Can you farm in a slum? Teaching Delhi slum women to grow their own nutrition

This climate-resilient experimental urban farming initiative started with an aim to make marginalized women- especially wastepickers and sanitation workers in Delhi nutrition-independent for a better climate and gender justice. A baseline survey for this project revealed the alarming nutritional deficiency among women who lack basic nutritional knowledge and live in places of sanitation and hygienic disasters. There were serious challenges like space constraints and gendered food habits where women are the last and least to eat

It’s ‘normal’ for poor women in the slum to eat last and least

There was an immediate need for simple means to overcome these conditions and an awareness of being healthy without spending more money. The choice of crops- mainly greens required precision, which were high nutrition and easy to grow in tiny ‘jhuggi’ rooftop gardens like spinach, red amaranth, and creepers like lauki or bitter-gourd. Also, the crops were chosen according to seasons for maximum output throughout the 18-month duration of five 3-month growing cycles. The project called for the training of the women along with material inputs and continuous monitoring. Local farmers were trained to train these women with non-chemical hacks.
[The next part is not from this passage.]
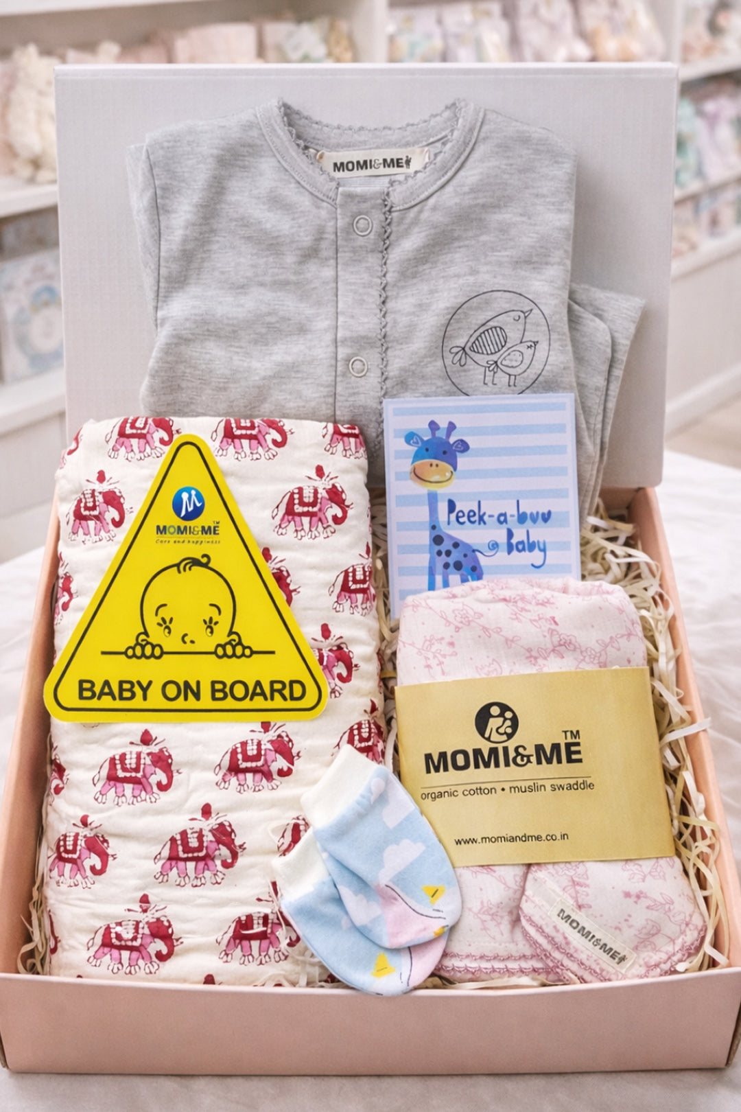 A PERFECT CONGRATULATORY GIFT FOR NEW PARENTS! | The Momiandme NewBorn Gift Box | Gift Hamper| Unisex Clothing Set | Infants Essentials | Baby Shower | 5 piece set | For BabyBoy and BabyGirl

Nutritionists educated the women to cook better, holding 46 cooking workshops where they experimented with maximizing the nutrients like adding lemon juice to cooked spinach. They also learned about the benefits of healthy eating. The women were dewormed so that nutrition benefits them. This restored the Right to Cookbook ensuring a new level of food dignity among the marginalized women. Chintan, in association with Flipkart Foundation, organized 143 farmer training, and daily monitoring visits by facilitators creating a new band of green revolutionaries and a fruitful learning curve.